2020 will probably be a year we will all remember for the rest of our lives. The worldwide pandemic has proven itself from its worst side, and even though we in the Nordic countries are relatively spared compared to other parts of the world, it has left a decisive imprint on our everyday lives.
This applies not least to the way we travel in society, and how we relate to each other. We keep our distance, and we try to touch as few surfaces as possible in the hope of slowing down the spread of infection and avoiding getting sick ourselves.
Most of us today walk around with a hand alcohol bottle in our pocket, or use publicly available hand alcohol whenever possible. But there are other infection hazards you should also be aware of. We are all told that we must remember to spray the most affected surfaces in the home, and the cleaning staff is busy following the latest rules for cleaning in the workplace. But do you remember the computer, tablet and phone?

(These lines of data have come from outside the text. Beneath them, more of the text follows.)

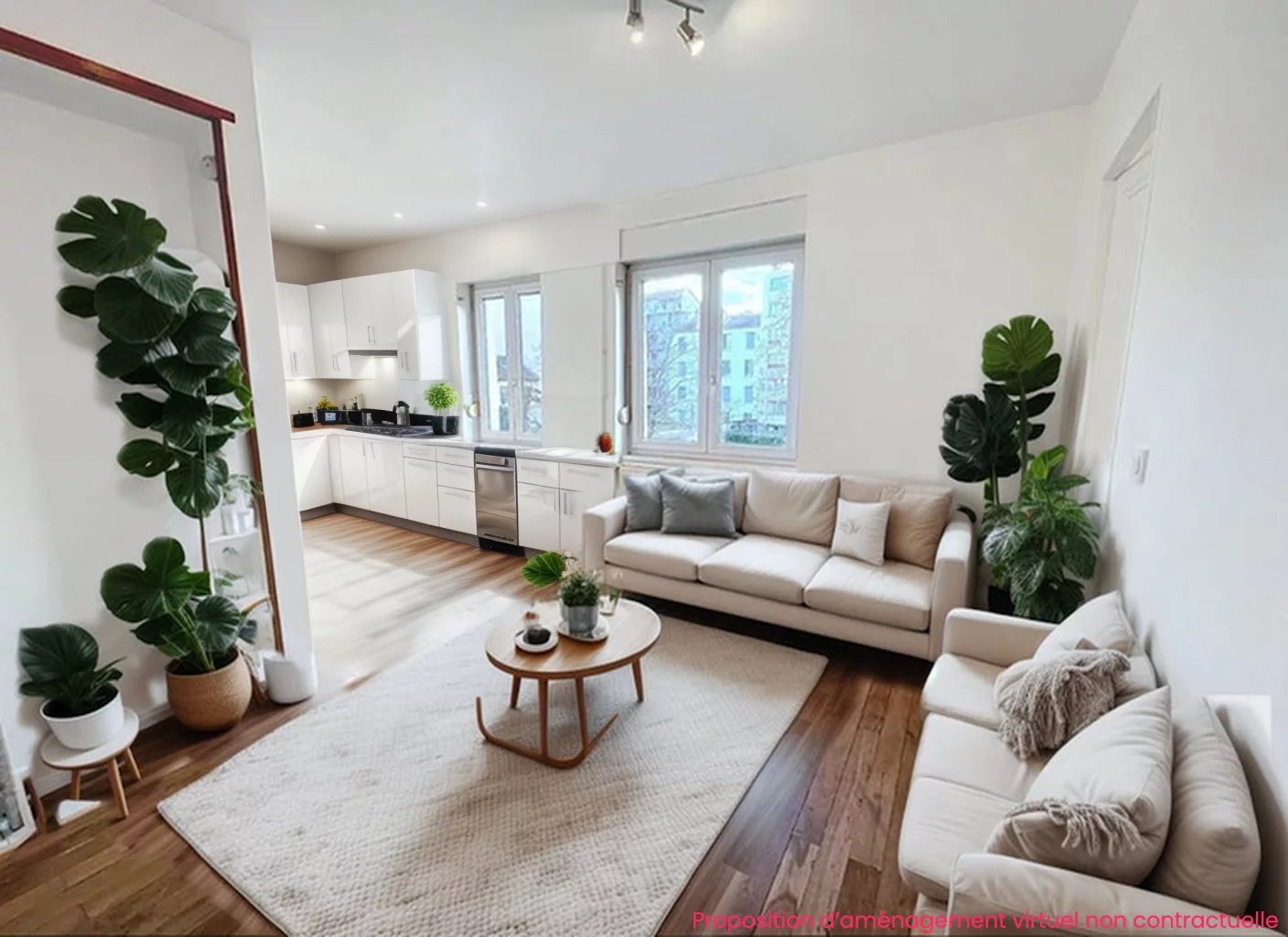 Le bien se compose d’une cuisine ouverte sur un séjour orienté plein Sud, bénéficiant de deux grandes fenêtres qui apportent une belle lumière naturelle.
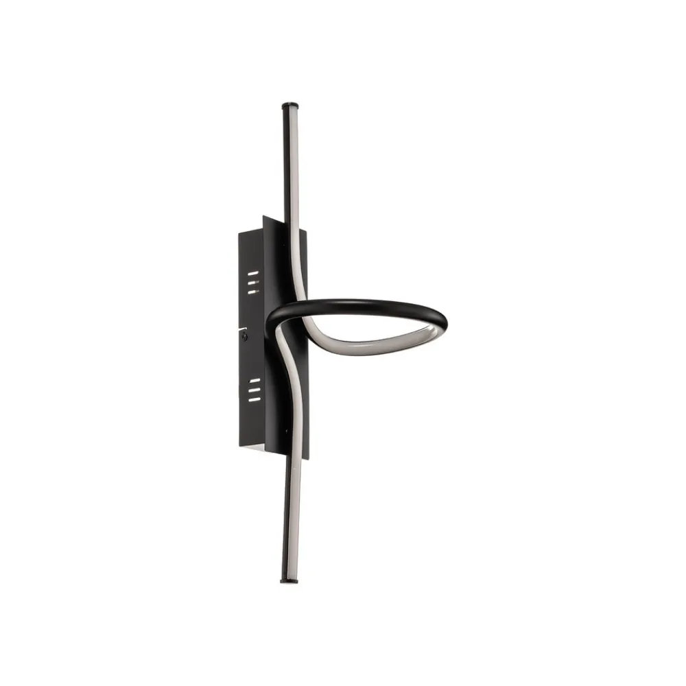 Sort Divola LED-vegglampe med tre-trinns dimfunksjon via veggbryter, buet lyselement med et usedvanlig moderne utseende
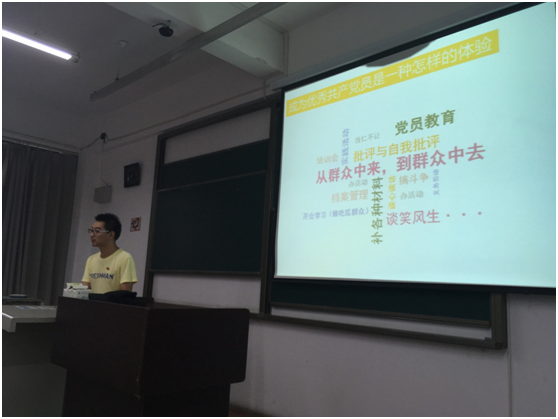 围绕会议主题,金宇航指出在座党员应该用党章党规规范党组织和党员行为,用习近平总书记系列重要讲话精神武装头脑、指导实践、推进工作,并且应融入日常、抓在经常。同时作为校级优秀党员,金宇航以自身崇高的党性修养为我们介绍了一个优秀党员及基层党支部书记应具备的品质,就解放思想、实事求是、爱国团结、无私奉献、勇于斗争、廉洁修身、信念坚定等几方面的品质作了深入阐述,结合自身平时的工作学习经历,为在座同学上了切实生动的一课,并就最近的时事政治等话题与在座党员进行了探讨。
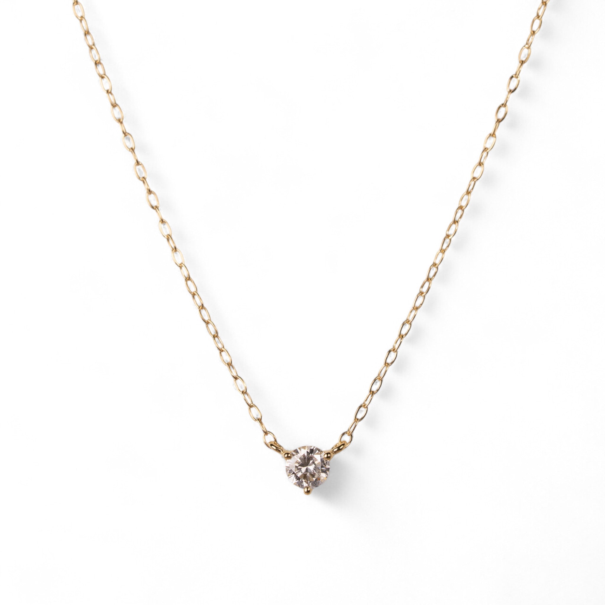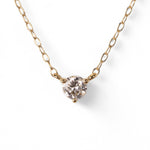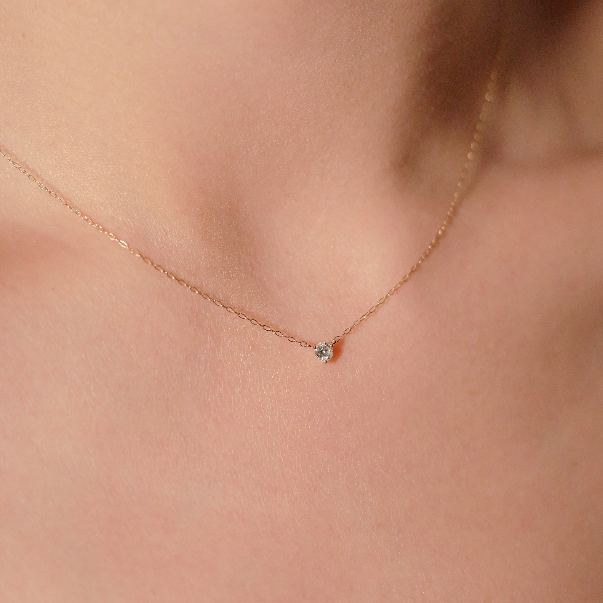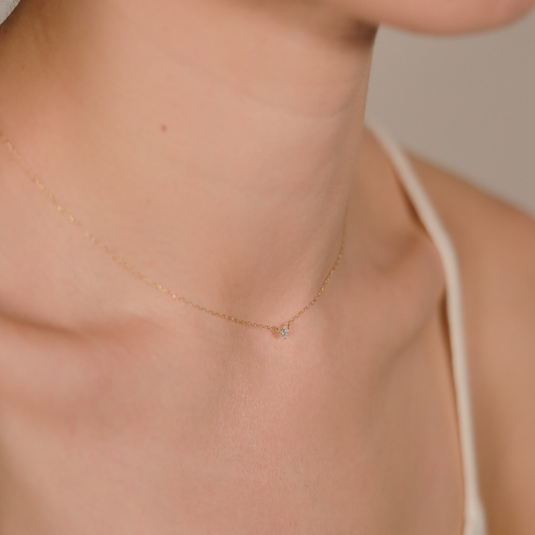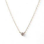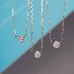 スキンジュエリーのように、さりげなくきらめく一粒ダイヤモンドネックレス。チェーンの流れに沿った3点留めのデザインが、素肌に自然と馴染み、胸元で上品な輝きを放ちます。
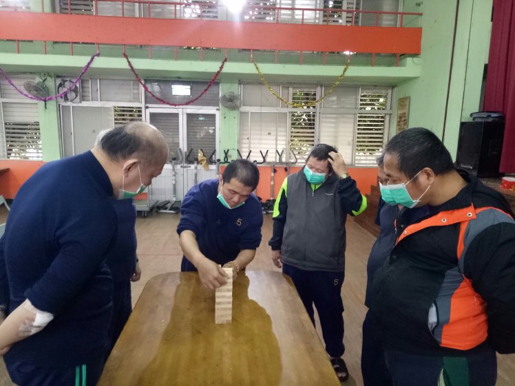5月主題活動-疊疊樂益智團康,治療師藉由三人為一隊,以組隊、團體競賽的方式,讓彼此學習相互合作,盡情發揮自由組織建構能力,讓個案覺得擁有主導權,任務雖具挑戰性但不感到挫敗,讓其享受樂趣,此次活動獲得第一名的小萍充滿自信地表示「透過積木組合,能組織我空間組合概念、手眼及細動作協調的能力,是一個很棒的團康遊戲,這是我平時所缺乏的生活經驗。」
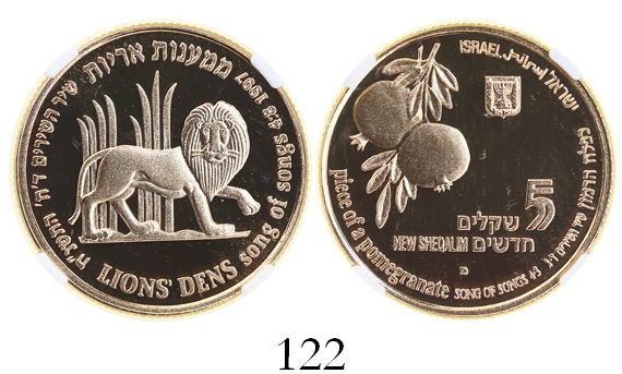 Israel, proof 5 new sheqalim, 1997, pomegranates and lion, encapsulated NGC PF 69 Ultra Cameo, tied
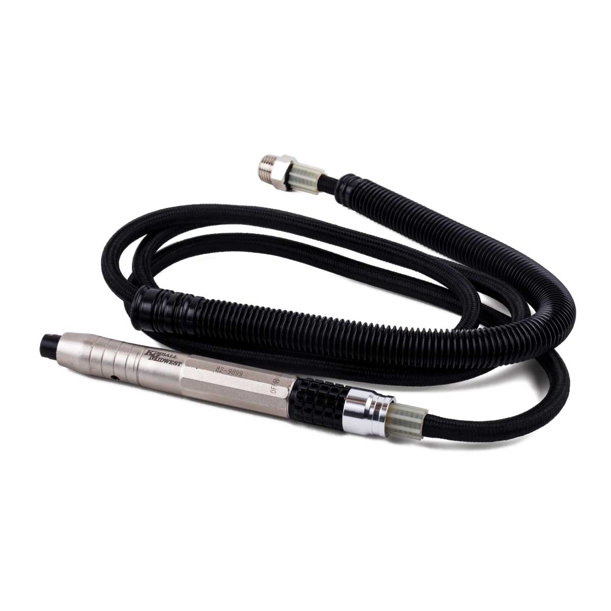 Ergonomic design with an attached 4'10" airline and 1/8" collet for dexterity in shaping and grinding intricate parts. Versatile for deburring, smoothing, and blending. Variable speed control up to 72,000 RPM for precise operation. Weighs less than half a pound for reduced user fatigue. Ideal for tight spaces.
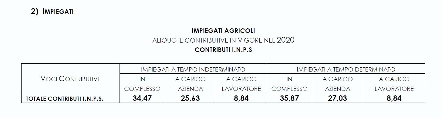 Pubblichiamo, come ogni anno, le tabelle relative alle aliquote contributive I.N.P.S. in vigore nel settore agricolo, per l’anno 2020, per i lavoratori dipendenti e per i collaboratori coordinati e continuativi (ed assimilati), di aziende agricole.
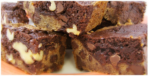 Bring butter and cookie dough to room temperature (about an hour). Preheat the oven to 350°F. Combine butter and eggs and whisk/mix. Slowly add in the brownie mix. Once the mixture is uniform, add in the cherries and walnuts; set aside. Lightly grease a brownie pan and place the chunks of cookie dough sporadically around the bottom of the pan (there may be a few pieces of cookie dough left, do with them what you must). Pour the brownie mix over the top, evenly coating the cookie dough. You may need to use the back of a spoon to help spread the mixture. Bake for 30-35 minutes or until you can stick a toothpick in the center and it comes out clean.
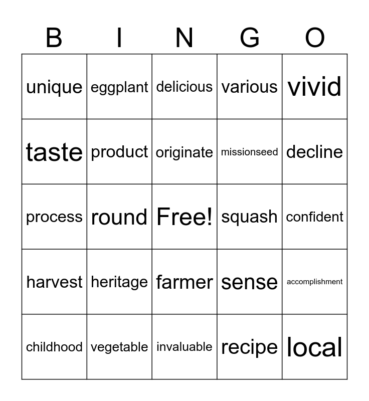 This bingo card has a free space and 24 words: heritage, vegetable, originate, childhood, vivid, unique, taste, eggplant, squash, farmer, missionseed, process, sense, accomplishment, product, recipe, confident, delicious, decline, round, local, harvest, various and invaluable.
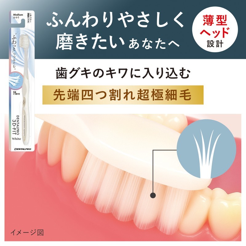 ●White…テーパー毛がさらに4つに割れることで、細く、きめ細かい毛先に。歯グキのキワに入り込み、やさしい使用感を実現
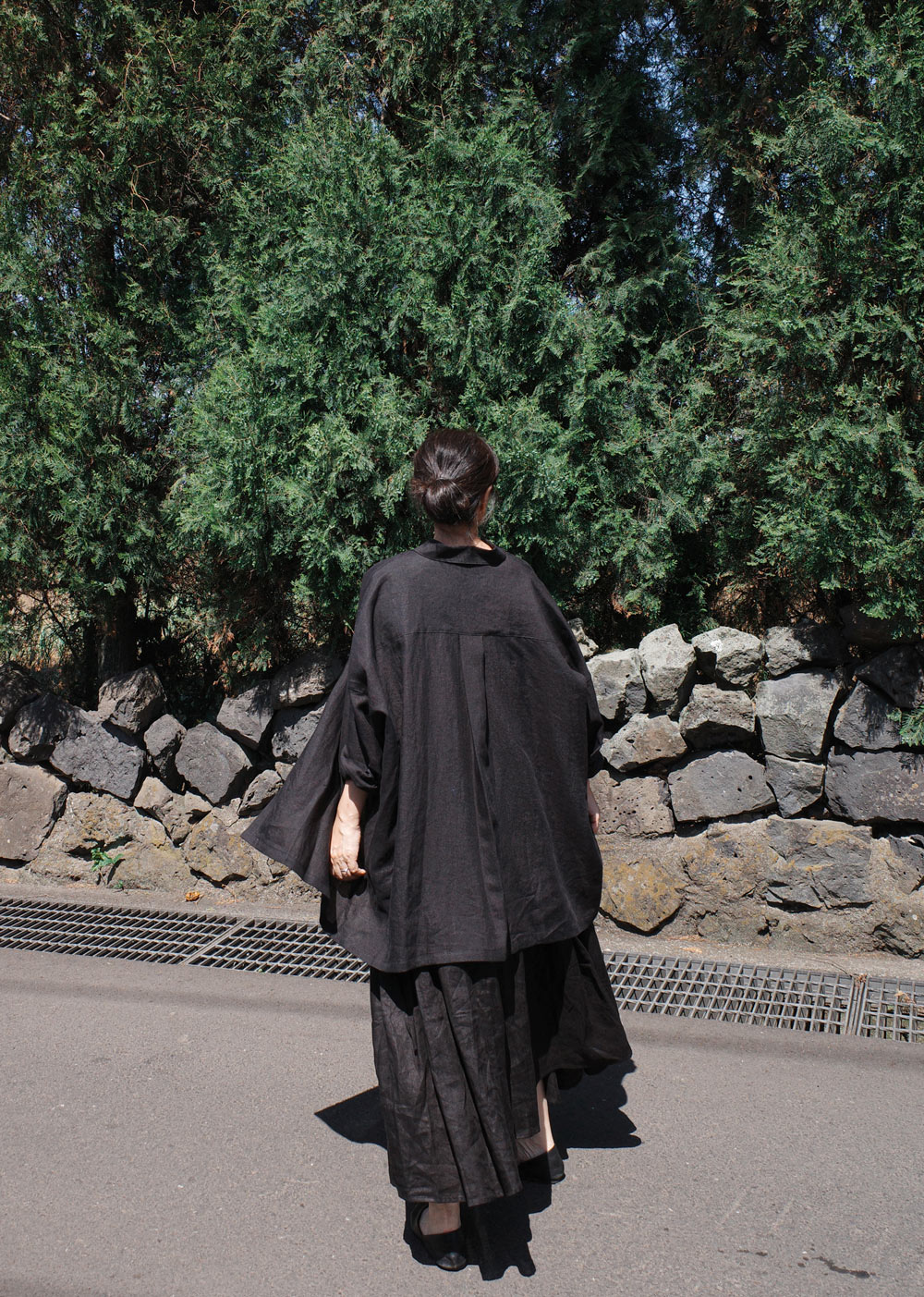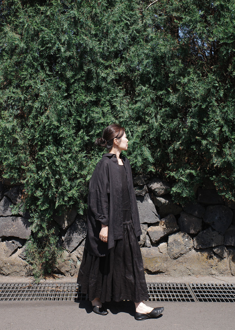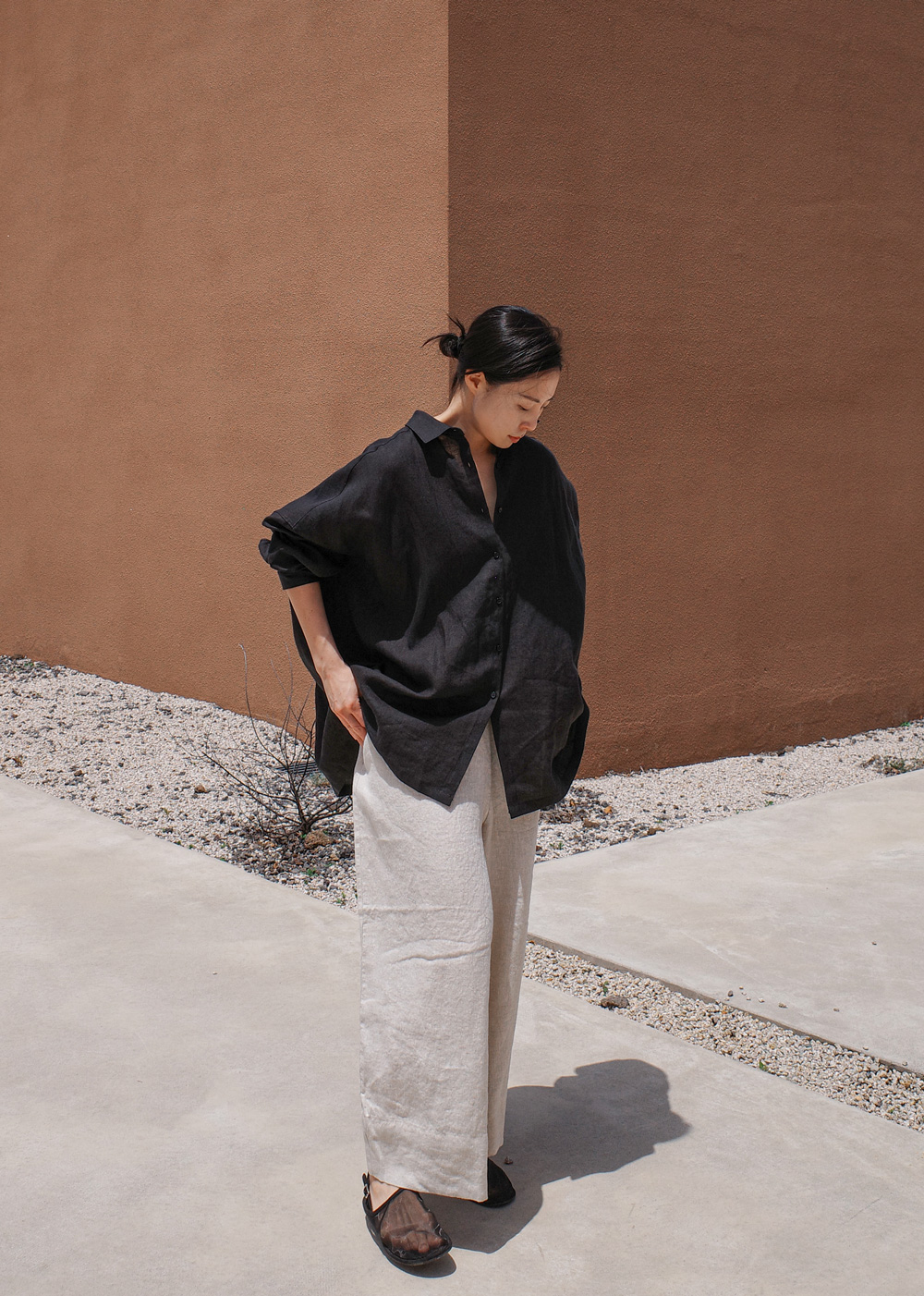 This is the first shirt to be introduced by Maylinen. This shirt stands out for its flowing, elegant silhouette. We chose a delicate linen fabric with a firm texture that is cool to wear and has a rustling feel. The ample oversized fit that covers the hips makes it suitable as a summer coat. The design is simple and clean, with minimal details and a moderate shirt collar.
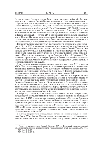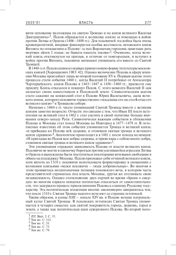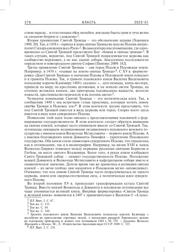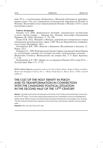 КРЫЛОВ М. О. КУЛЬТ СВЯТОЙ ТРОИЦЫ В ПСКОВЕ И ЕГО ТРАНСФОРМАЦИЯ В СВЯЗИ С ИЗМЕНЕНИЕМ ПОЛИТИЧЕСКОЙ ОБСТАНОВКИ ВО ВТОРОЙ ПОЛОВИНЕ XV В. // ВЛАСТЬ. 2025. ТОМ 33 № 1
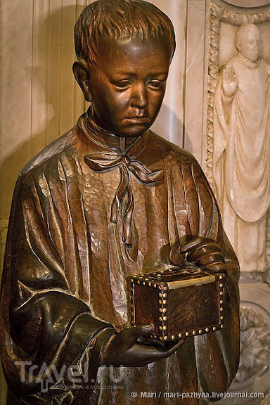 Совсем уж возле входа к Мадонне стоит такой мальчик с коробочкой для пожертвований. Монетки впрочем коробочкой не ограничиваются а судя по звуку падают далекоооо вглубь мальчика:
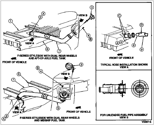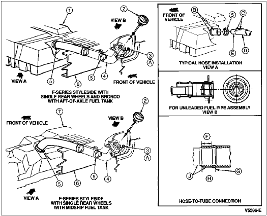 Fuel Filler System Installation, Single Rear Wheel Styleside, F-150, F-250, F-350 and Bronco
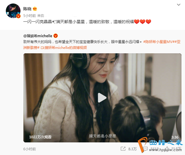 对此,陈妍希并未给予任何回复,其丈夫陈晓也丝毫不理会,不仅积极转发妻子陈妍希发MV的动态,还甜蜜发文表示:“一闪一闪亮晶晶,满天都是小星星,温暖的致敬,温暖的祝福。”
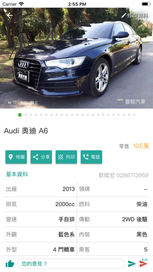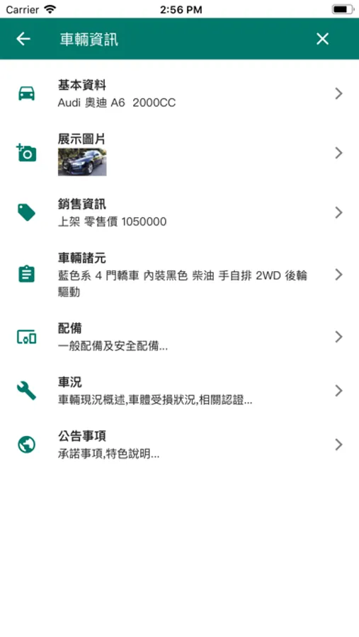在庫車輛買賣訊息同步到手機,讓售車人員只要透過手機得知在庫車輛售訂狀況,與每部車的標價、底價等資訊就像是售車報價表一樣。
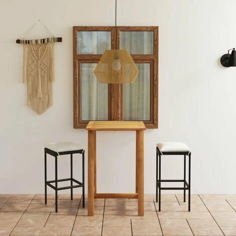Cet ensemble de bar de jardin a un design élégant et sera le point de mire de votre jardin, patio ou terrasse. La table est fabriquée en bois d’acacia massif avec une finition à l’huile, ce qui la rend stable, durable et facile à entretenir. Doté d’un cadre en acier enduit de poudre recouvert de résine tressée résistante aux intempéries, ce tabouret de bar est robuste et facile à nettoyer. Les coussins de siège épais et amovibles sont très confortables. Les housses de coussin avec fermeture éclair peuvent être facilement enlevées et lavées. Remarque : Nous vous recommandons de couvrir l’ensemble pendant la pluie, la neige et le gel.

Your cell phone is worse than the toilet seat.
A survey conducted by the cleaning company Initial in 2019, shows that the number of microorganisms on an average British smartphone is 6.5 times higher than on a toilet seat. We tap the PC keyboard and slide our fingers around the touchpad and touch screen, and we pick up our smartphones 100-150 times every single day, look and swipe at it and put it back in our pocket – and if you use a leather cover, then the bacteria live even longer.
Researchers have determined that the COVID-19 virus can survive on metal and plastic for up to three days. And the spread of infection does not only come from yourself. If you are sitting in a shared office and a colleague is typing on your keyboard, you should wash with alcohol afterwards, but many people forget it because it has never been necessary before.
So how do you keep your PC and phone clean in the best possible way?
However, the risk of infection does not apply to medical equipment used in hospitals and the like. Here, computers and devices are used in bactericidal and resistant materials of a completely different caliber than what most PCs for companies and individuals are built with. But at home and in the workplace, it is important that you keep your devices clean.
At the same time, you need to be sure that your computer can actually withstand regular washing with various cleaning agents. Using too strong an acidic cleaner on an aluminum PC can damage it. And before you wash the screen on your laptop, you should be aware that the screen may have a protective layer that can also be damaged by excessive cleaning agents – not to mention the physical friction that can occur when you rub on The PC with a cloth.
Panasonic’s rugged notebooks (Toughbooks), designed to handle harsh work environments, have been thoroughly tested to ensure that they will withstand thorough cleaning with the most common cleaning agents. If you are in doubt about whether your PC will withstand a particular cleaning agent, then you should contact the manufacturer or your IT manager.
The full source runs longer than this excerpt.